» **WORK REQUEST**
Your answer must be the exact lines of the listing below that run from the line with "抖音中捏一下就变脸的视频并不" to the line with "1500 M2 . L’atelier", ends included, and no pictures.

» **PROVIDED DATA**

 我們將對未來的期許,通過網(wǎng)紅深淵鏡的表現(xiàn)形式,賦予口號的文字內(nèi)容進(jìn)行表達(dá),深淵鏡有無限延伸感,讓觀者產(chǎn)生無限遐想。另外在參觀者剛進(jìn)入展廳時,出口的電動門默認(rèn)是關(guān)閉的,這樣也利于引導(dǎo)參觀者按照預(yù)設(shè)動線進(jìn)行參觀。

---

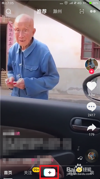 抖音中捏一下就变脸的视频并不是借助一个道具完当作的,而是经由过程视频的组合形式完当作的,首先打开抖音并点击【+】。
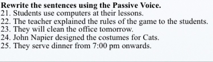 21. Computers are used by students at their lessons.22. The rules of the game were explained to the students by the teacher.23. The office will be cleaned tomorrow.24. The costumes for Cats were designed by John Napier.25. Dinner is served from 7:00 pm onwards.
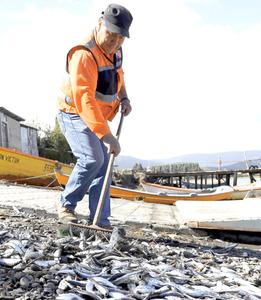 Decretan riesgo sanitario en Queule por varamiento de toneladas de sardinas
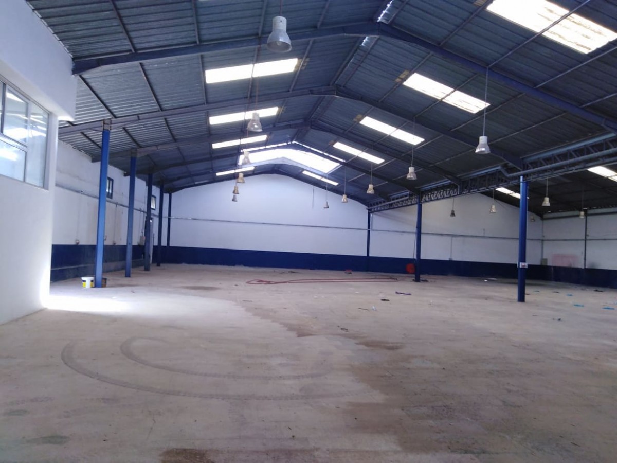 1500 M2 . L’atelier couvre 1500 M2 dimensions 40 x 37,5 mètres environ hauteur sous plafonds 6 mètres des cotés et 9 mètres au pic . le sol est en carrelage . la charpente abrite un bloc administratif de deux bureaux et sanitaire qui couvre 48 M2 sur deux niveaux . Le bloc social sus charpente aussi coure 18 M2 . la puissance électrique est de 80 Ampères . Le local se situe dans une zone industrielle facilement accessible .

» **RESPONSE TO THIS EXERCISE**
 抖音中捏一下就变脸的视频并不是借助一个道具完当作的,而是经由过程视频的组合形式完当作的,首先打开抖音并点击【+】。
 21. Computers are used by students at their lessons.22. The rules of the game were explained to the students by the teacher.23. The office will be cleaned tomorrow.24. The costumes for Cats were designed by John Napier.25. Dinner is served from 7:00 pm onwards.
 Decretan riesgo sanitario en Queule por varamiento de toneladas de sardinas
 1500 M2 . L’atelier couvre 1500 M2 dimensions 40 x 37,5 mètres environ hauteur sous plafonds 6 mètres des cotés et 9 mètres au pic . le sol est en carrelage . la charpente abrite un bloc administratif de deux bureaux et sanitaire qui couvre 48 M2 sur deux niveaux . Le bloc social sus charpente aussi coure 18 M2 . la puissance électrique est de 80 Ampères . Le local se situe dans une zone industrielle facilement accessible .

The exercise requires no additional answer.